When you transcribe the listing, keep each line exact and drop the pictures.

The data:
*** Block opens ***
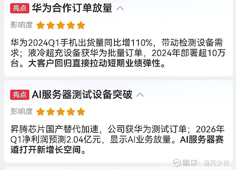 昇腾芯片国产替代加速,公司获华为测试订单;2026年Q1净利润预测2.04亿元,显示AI业务放量。AI服务器赛道打开新增长空间。
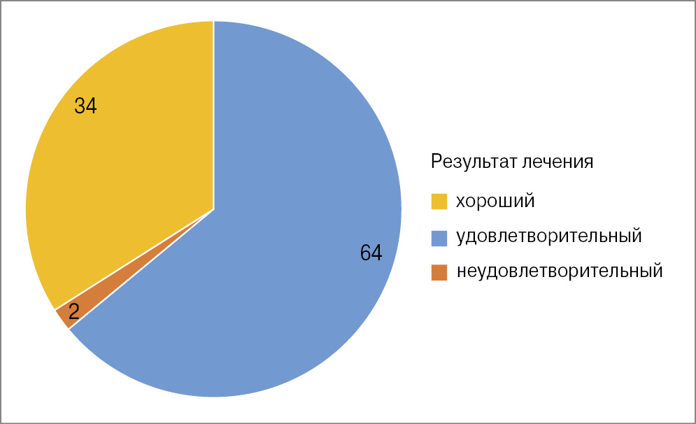 Рис. 3. Доли пациентов с различными исходами терапии, %.
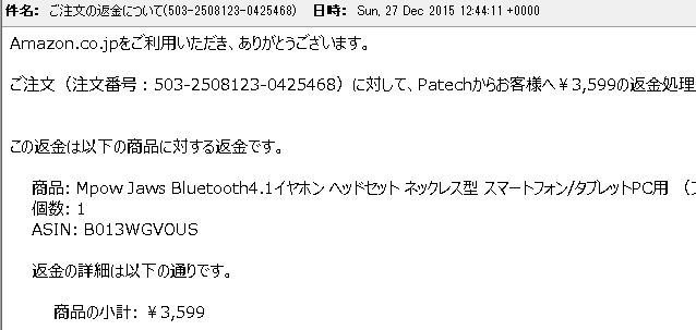 いい商品だったので、マジで残念だったが、この返品・返金処理の流れはマジで感動をした。
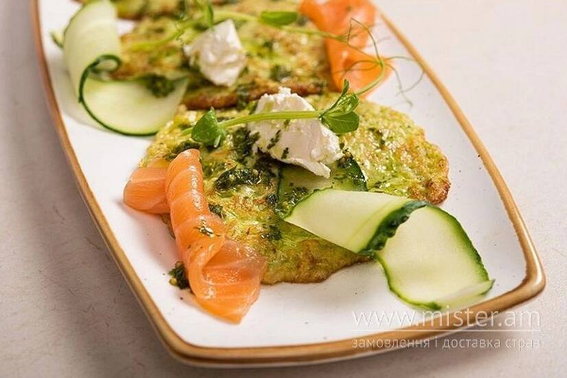 Кабачкові оладки з лососем та вершковим сиром
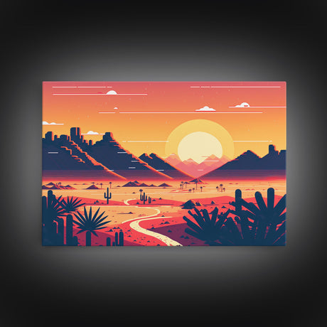 Psychedelic Desert Decor, Framed Canvas Print, Colorful Western Art, Midwest Decor, Framed Art
*** Block closes ***
Written solution:
 昇腾芯片国产替代加速,公司获华为测试订单;2026年Q1净利润预测2.04亿元,显示AI业务放量。AI服务器赛道打开新增长空间。
 Рис. 3. Доли пациентов с различными исходами терапии, %.
 いい商品だったので、マジで残念だったが、この返品・返金処理の流れはマジで感動をした。
 Кабачкові оладки з лососем та вершковим сиром
 Psychedelic Desert Decor, Framed Canvas Print, Colorful Western Art, Midwest Decor, Framed Art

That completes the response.